Isabella Macdonald Alden (nickname and pen name, Pansy; November 3, 1841 - August 5, 1930) was an American author. Her best known works were: Four Girls at Chautauqua, Chautauqua Girls at Home, Tip Lewis and his Lamp, Three People, Links in Rebecca's Life, Julia Ried, Ruth Erskine's Crosses, The King's Daughter, The Browning Boys, From Different Standpoints, Mrs. Harry Harper's Awakening, The Measure, and Spun from Fact.
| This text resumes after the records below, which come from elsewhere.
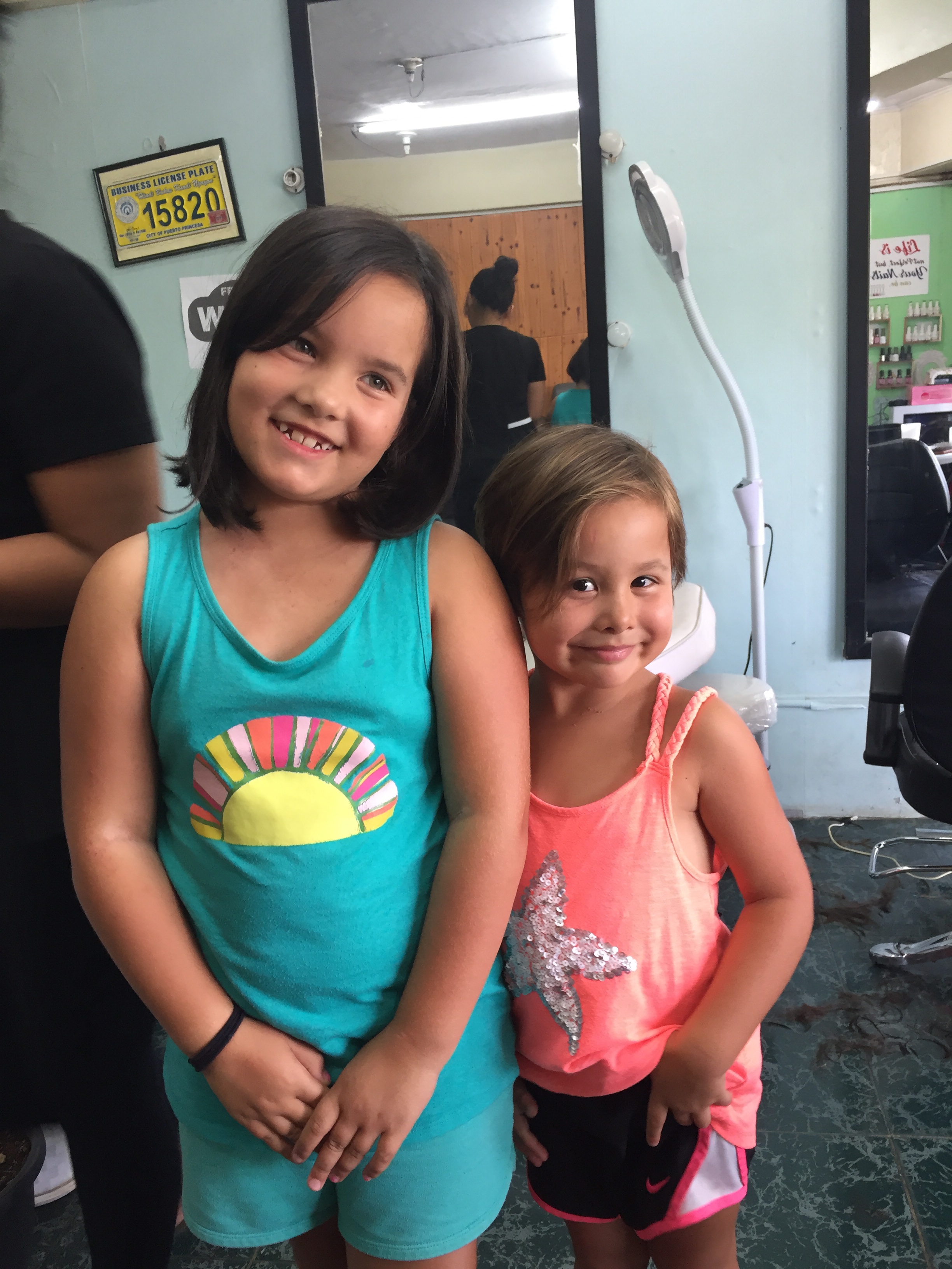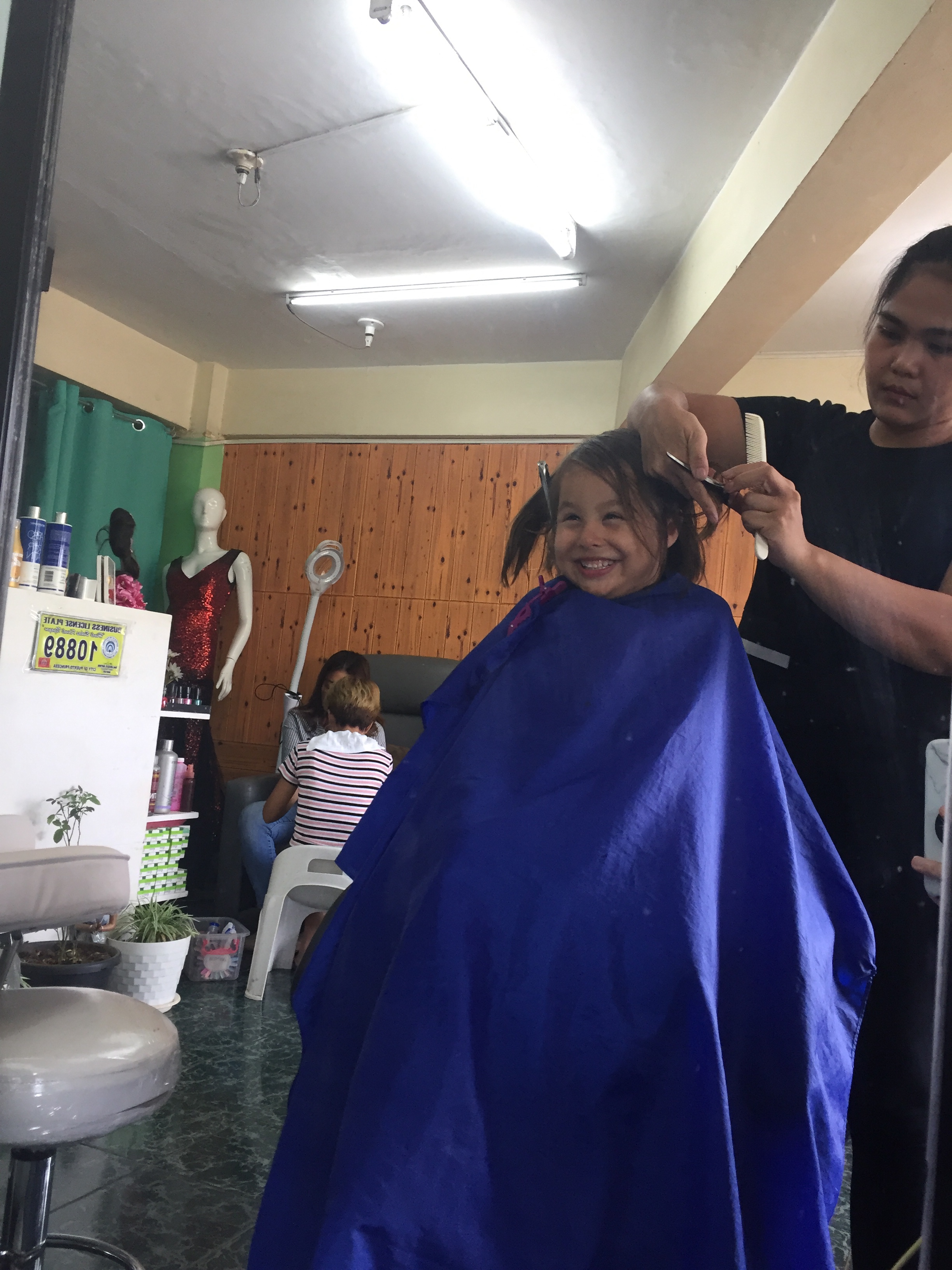 We went wandering the streets of Puerto Princesa and we have been talking nearly daily of cutting all this hair off. Marion has been pushing for weeks to shave her hair off “like Dad!” And her focus has only intensified. So when we saw a little salon with $1 haircuts…we’ll, that seemed about he right price for their first haircuts that haven’t been by me! Ha! Unfortunately for Buoy the woman refused to shave her hair 😂. Not on a girl!! They were mollified that we requested a short pixie cut similar to the other woman working there at the moment. Marion was thrilled to see her hair dropping away. Though she was really ready for a shave. Oh that girl.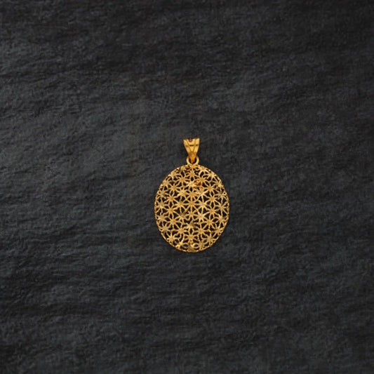Gold Oval Flower Design Pendant 21KT - FKJPND21KM8374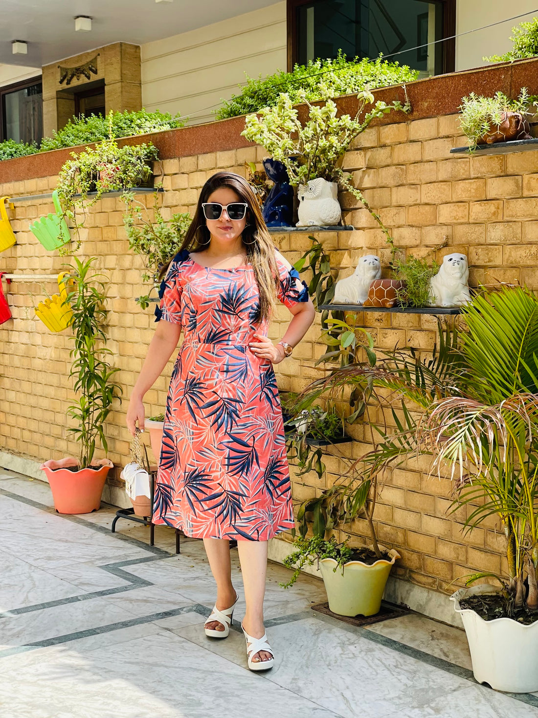 Description Effortless elegance in peach & blue 🍑💙 Embrace nature's beauty with this leaf-inspired midi....

Alden also wrote the primary lesson department of the Westminster Teacher, edited the Presbyterian Primary Quarterly and the children's magazine Pansy, and wrote a serial story for the Herald and Presbyter of Cincinnati every winter. Alden was interested in Sunday school primary teaching, and had charge of more than a hundred children every Sunday for many years. She was interested in temperance also, and was involved in the Woman's Christian Temperance Union. Four of her books, Three People, The King's Daughter, One Commonplace Day, and Little Fishers and their Nets, were distinctively temperance books, while the principle of total abstinence was maintained in all her writings.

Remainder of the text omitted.